Debt Deflation
Part II
Today, the finance,
insurance, and real estate (FIRE) sector has regained control of government,
creating rentier economies. The aim of this postindustrial finance capitalism
is the opposite of industrial capitalism as known to nineteenth-century
economists:
Seeking wealth primarily by the extraction of
economic rent, not industrial capital formation instead it is tax favoritism
for real estate, privatization of oil and mineral extraction, banking and
infrastructure monopolies add to the cost of living and doing business. Labor
is increasingly exploited by bank debt, student debt, and credit card debt
while housing and other prices are inflated on credit, leaving less income to
spend on goods and services as economies suffer debt deflation.
If you’re looking at
how wealth is accumulated, people think of it in the way textbooks describe: as
earning income and saving it up to get rich. That’s all most wage earners can
do. But that’s not how it happens at the top of the pyramid. Most wealth takes
the form of capital gains. They’re inflated on credit, so it’s really asset
price inflation that’s financed by debt leverage. Most of the gains end up
being paid out as interest, so the bankers – that is, the bank owners and
bondholders – end up with most of the rise in wealth.
But to look at academic
economics, it’s as if the whole economy is about making things – as if
manufacturing hires labor to produce goods and services that everybody gets
rich from, by being more productive. Savings are supposed to finance growth,
increasing stock prices because profits go up from employing more labor to
produce more goods and services.
But that’s not what really happens. Most money is made by financial engineering, not by industrial engineering.
It’s made by what the classical economists
called
unearned income.
80% of bank loans are to the real estate sector.

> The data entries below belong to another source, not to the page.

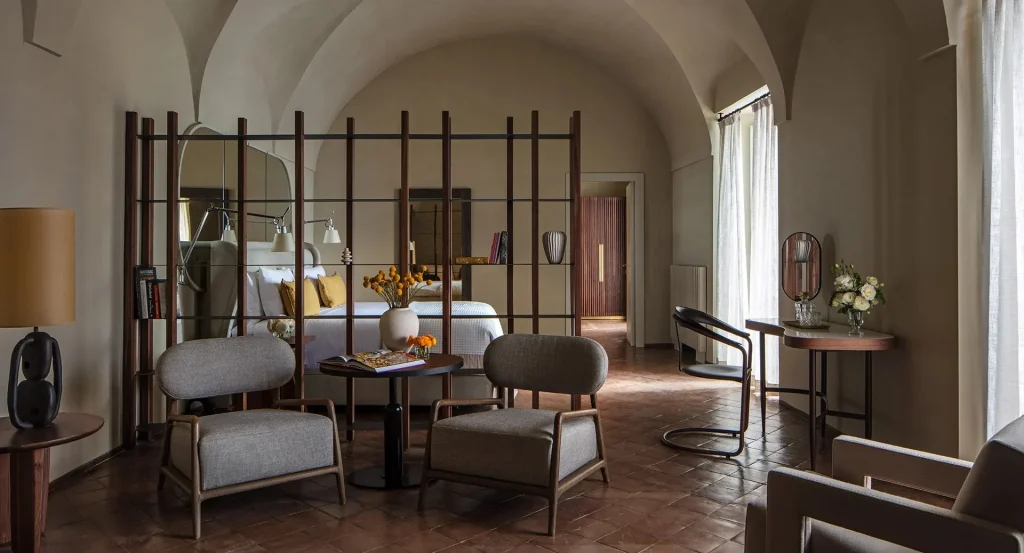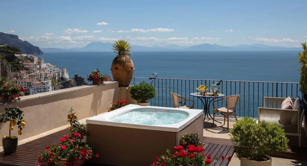 The hotel offers 52 elegantly appointed rooms and suites, each boasting sea views. The interiors feature minimalist white décor complemented by terracotta tile finishes, reflecting the region’s traditional aesthetic. Select suites are adorned with 19th-century frescoed ceilings, adding a touch of historical grandeur. Modern amenities such as complimentary Wi-Fi, wall-mounted LCD televisions, and marble bathrooms ensure a comfortable stay. Immerse yourself in the property’s historical charm by exploring the 13th-century Norman-Arab cloister and the “Passeggiata dei Monaci,” a scenic walkway offering panoramic coastal views. The hotel features two distinguished dining venues, Dei Cappuccini serving gourmet Italian cuisine in an elegant setting, and La Locanda, offering a more casual dining experience. You can relax in the heated outdoor infinity pool overlooking the Mediterranean Sea or rejuvenate at the on-site spa, which includes three treatment rooms and a sea-facing relaxation area. With its blend of historical significance and luxurious rooms, Anantara Convento di Amalfi Grand Hotel offers an unparalleled experience for those exploring beautiful Sorrento and the Amalfi Coast.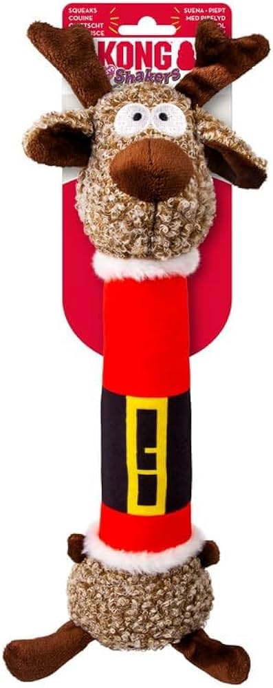 KONG® Holiday Shakers Luvz Reindeer’s long, floppy body satisfies dogs’ shaking instincts—and is also ideal for sliding down chimneys. Low-tone squeaker keeps dogs playing through the holidays and beyond, providing tons of healthy, active play with a pal dressed up for the holidays.
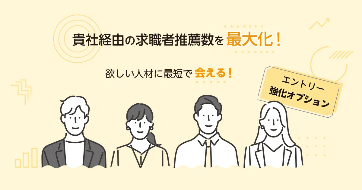 エントリー強化オプションはすぐに採用母集団形成を増やしたい、とお考えの企業様に向けたオプションサービスです。
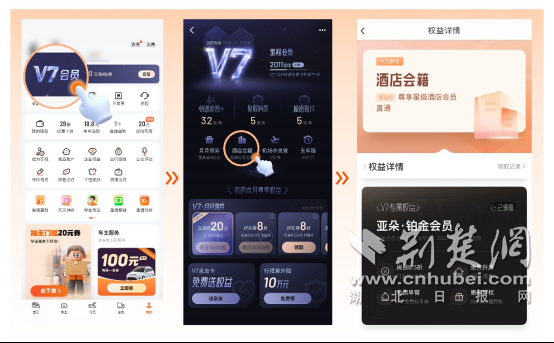 以滴滴V7里程會員為例,用戶進入滴滴里程會員中心頁面,在酒店會籍中可兌換亞朵鉑金體驗會員權益,領取多張亞朵房價折扣券,住宿享8.5折優惠;入住后享免費元氣早餐,品嘗到城市的地道風味;如需升級房型,用戶可使用旋風升房券,有機會享免費升級至所預定房間的高一級別的房型。同時,用戶還能享受到升級優惠券、延遲退房、預定保留、亞朵錦囊、積分獎勵等豐富權益。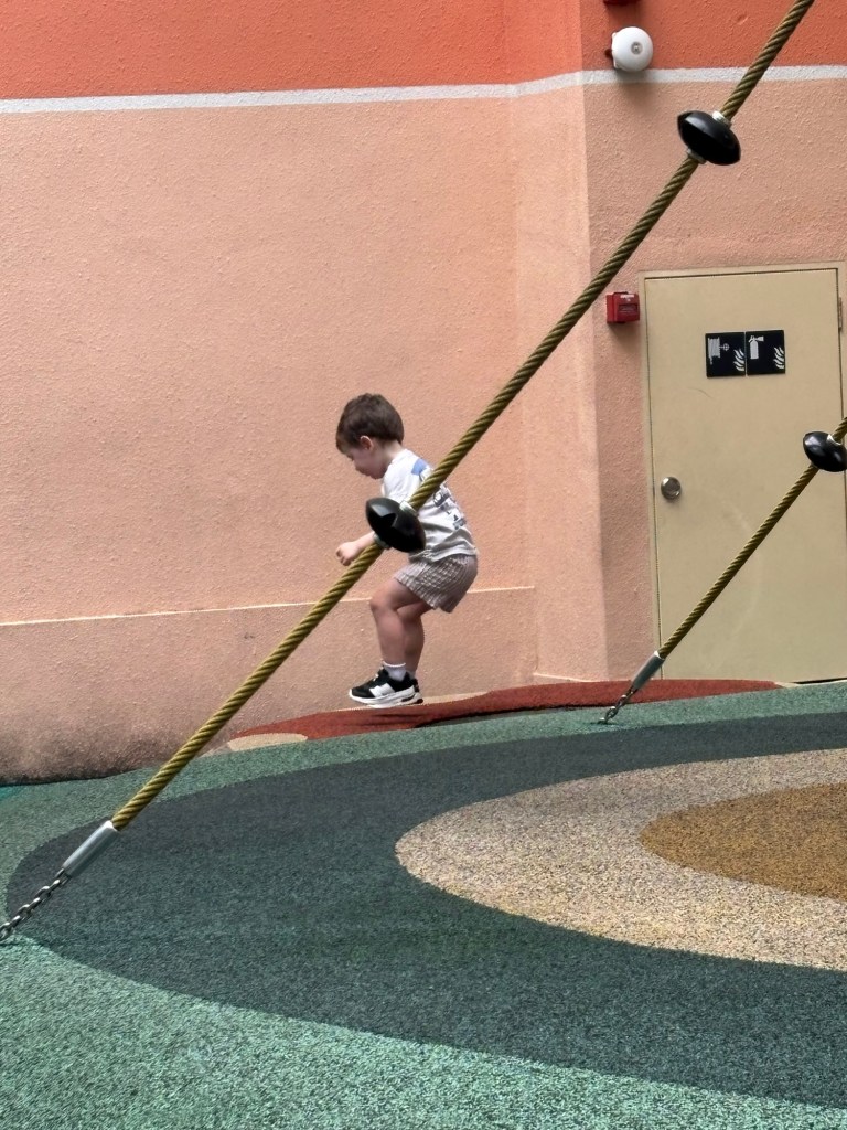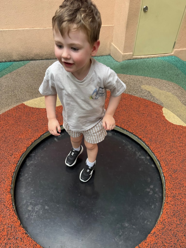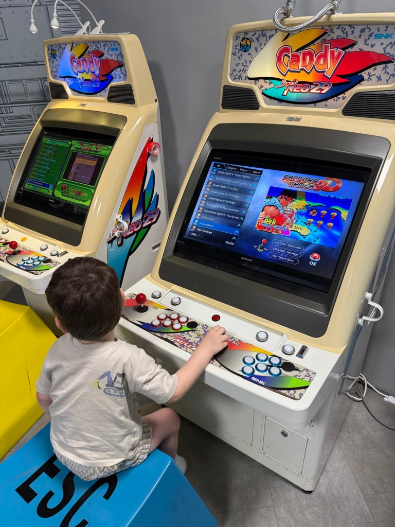 We settled into the hotel and checked out the indoor play centre for kids in the hotel. They have a cool retro arcade that we had a look at and Julian played with the toys in here.

The more loans banks make to the real estate sector, the more their credit bids up real estate prices. People think that real estate goes up because population growth and people getting richer to afford paying more. But that’s not really why housing prices are rising. The value of a home or commercial office building is worth whatever a bank is willing to lend against it. As banks loosen their lending standards, they lend more and more. The result is debt pyramiding – and this is true not only for real estate, but for the economy as a whole.
But the FIRE sector’s
rent and interest are the first things you have to pay out of your paycheck.
That’s more real – in the sense of being most pressing – than goods and
services. So when a family gets its paycheck, the taxes and the bank debts
credit card debt they owe, and either their rent or their mortgage payment,
often are automatically taken out of their check or bank account right off the
top. Out of what remains, the average American wage earner only has maybe 25 to
30% of their income available to actually spend on the goods and services they
produce.
So there’s a diversion
of this income to pay the FIRE sector – a sector that classical economists
hoped to minimize. They wanted to get rid of the rentier class. They wanted to
nationalize the land, or at least tax away its rent. They wanted the government
to be the public creditor, or at least for banks to make productive loans, not finance
corporate share buybacks, corporate takeovers, or lend just to inflate real
estate prices and make home buyers take on higher and higher debt levels in
order to obtain housing.
Today, families
entering the labor force are going to have to spend all their life working off
the debt they need to take on in order to get an education to get a job, as
well the debt they need to buy a car to drive to the job, and the mortgage debt
for the house they need to live in to avoid rents going up and up. They have to
spend all their life merely to pay their creditors, not to live better with
more goods and services. Unlike serfdom, today’s workers can live wherever they
want. But wherever they live, they have to produce value not only for their
employers but also for the bankers.
These bankers (and
bondholders) are the main exploiters today. So finance capitalism is
overwhelming industrial capitalism. Instead of industrial capitalism evolving
into socialism as was expected, it is retrogressing back to neo-serfdom and
neo-feudalism. This is mainly because of the inability to bring debt within the
industrial capitalist system to evolve into a socialist economy. That is what
neoliberalism is sponsoring by financialization and privatization: the
inability to make debt productive.
The economic textbooks […] depict a parallel universe backed by Orwellian euphemistic economics to make people think that somehow they’re going to get rich by borrowing money to buy a home that may rise further in price. The dream is to be a Donald Trump in miniature, to make money on the home as a real estate investment. Make money in the stock market by turning their money over to financial managers like Citibank, Goldman Sachs, or other companies that have paid tens of billions in fines for financial fraud.